Affirm AFRM actions,
+ 98.27%
open at $ 90.90 Wednesday after listing on the Nasdaq, with the first trade at 12:20 p.m. ET. The company valued its initial public offering at $ 49 a share on Tuesday night, above a range already raised from $ 41 to $ 44 a share. Stocks recently changed hands to just under $ 98.

The company raised at least $ 1.2 billion through the offer. The underwriters have access to an overuse of 3.7 million shares in excess of the 24.6 million shares initially sold by Affirm when it went public. Affirm reportedly delayed its IPO at the end of last year due to large day one stock movements at Airbnb Inc. ABNB,
+ 6.31%
and DoorDash Inc. DASH,
+ 3.63%

Affirm, led by PayPal Holdings Inc. PYPL,
+ 3.30%
co-founder Max Levchin, offers payment options that allow people to shop online in installments. The business receives compensation from merchants when customers opt for one of Affirm’s loan options. Affirm offers an interest-free “0% APR” offer as well as a “simple interest” loan product through which it is also paid on the consumer side of a transaction.

Levchin told MarketWatch that transparency in terms of how much consumers will ultimately pay for a given purchase is becoming “a required characteristic and not a good thing to have” among the generations who are currently “financially active” and those to follow. .
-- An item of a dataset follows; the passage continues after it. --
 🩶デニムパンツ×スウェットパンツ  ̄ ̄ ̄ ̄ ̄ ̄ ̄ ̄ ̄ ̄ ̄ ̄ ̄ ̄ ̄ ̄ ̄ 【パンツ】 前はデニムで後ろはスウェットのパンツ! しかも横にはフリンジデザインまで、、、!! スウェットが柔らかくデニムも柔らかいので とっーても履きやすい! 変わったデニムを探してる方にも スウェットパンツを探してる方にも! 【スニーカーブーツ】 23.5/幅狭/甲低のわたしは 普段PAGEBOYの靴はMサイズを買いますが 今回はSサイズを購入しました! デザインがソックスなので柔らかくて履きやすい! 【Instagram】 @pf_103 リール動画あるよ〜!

“Revolving credit is a tool that is not as useful as it is dangerous,” he said in an interview after the transactions started. Levchin predicted that the majority of established players would switch to simple interest products rather than compound products.
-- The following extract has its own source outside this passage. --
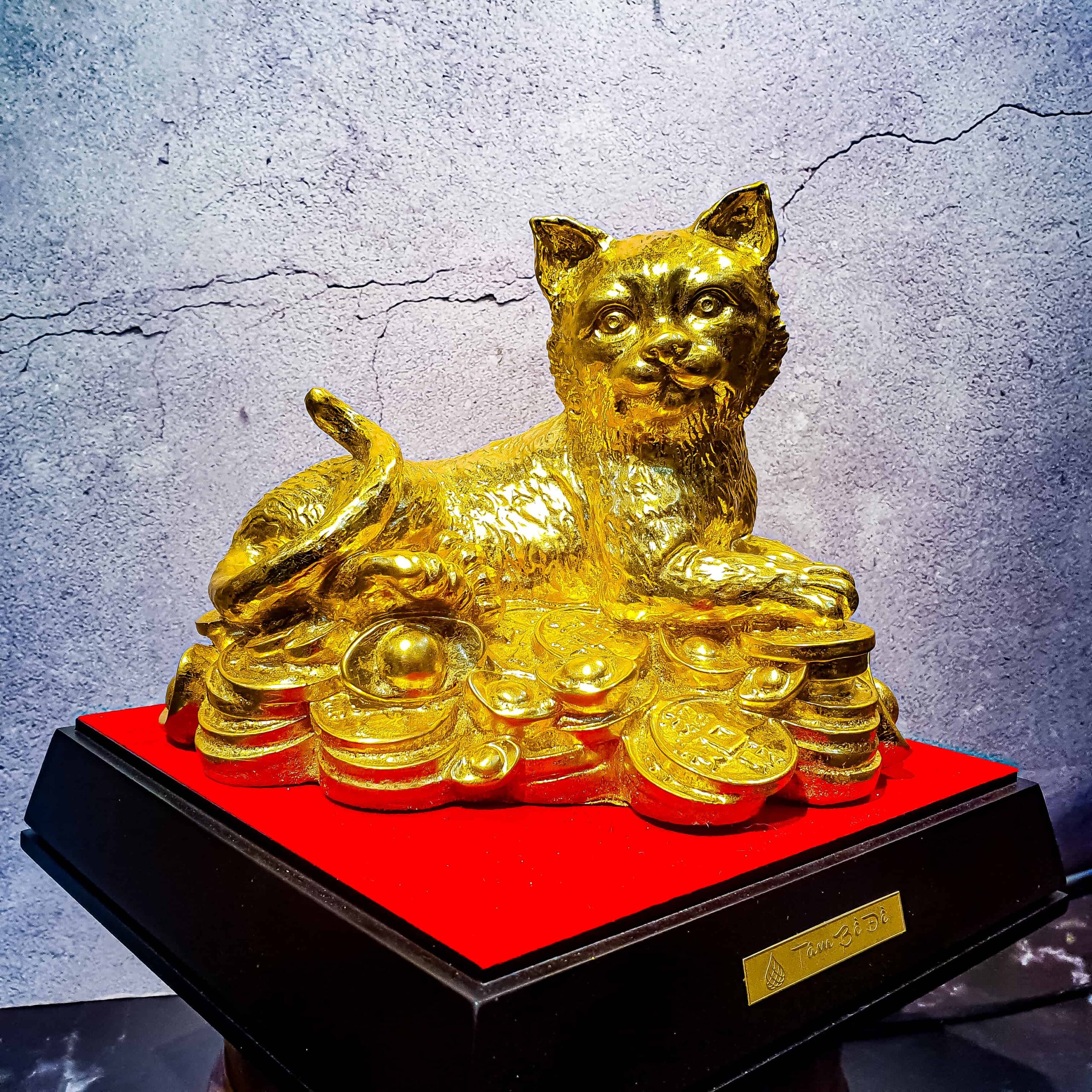 TƯỢNG MÈO TÀI LỘC ĐÚC ĐỒNG DÁT VÀNG 24K

Affirm the IPO: 5 things to know about the fintech shaking up online credit

The company’s biggest customer is Peloton Interactive Inc. PTON,
+ 6.37%,
which represented approximately 28% of Affirm’s revenue in its most recent fiscal year which ended in June. Affirm reported revenue of $ 509.5 million in its most recent fiscal year, up from $ 264.4 million a year earlier. The company recorded a net loss of $ 112.6 million, compared to a loss of $ 120.5 million in the prior year period.
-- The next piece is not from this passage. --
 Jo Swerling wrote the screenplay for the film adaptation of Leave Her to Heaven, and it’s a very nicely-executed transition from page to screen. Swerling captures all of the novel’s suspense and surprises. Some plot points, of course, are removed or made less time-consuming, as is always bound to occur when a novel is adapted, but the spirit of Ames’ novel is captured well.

“The pandemic has created an enabling environment as more value-conscious buyers seek ways to finance their online purchases transparently,” Rohit Kulkarni, analyst at MKM Partners, wrote in a pre-IPO note to clients.

Affirm works with banking partners who originate many of the company’s loans.

Levchin sees great opportunities ahead, arguing that we are “still in the early days of what payments and money look like”, and calling the financial services industry perhaps the world’s largest with energy. . Affirm has expanded its merchant base, which now boasts more than 650,000 brands, and the company has entered into deals with companies such as Walmart Inc. WMT,
-0.82%
and David Yurman who incorporate in-store fundraising elements alongside online elements.

Another potential area is that of customer loyalty. “I’ve learned not to pre-advertise products the hard way,” Levchin said, noting that there is “a huge opportunity to reward customers who bring their money to merchants they love.”

The offer comes as the IPO of the Renaissance IPO ETF,
+ 0.91%
has gained 22% in the last three months and as an S&P 500 SPX,
+ 0.37%
increased 8.5% over the same period.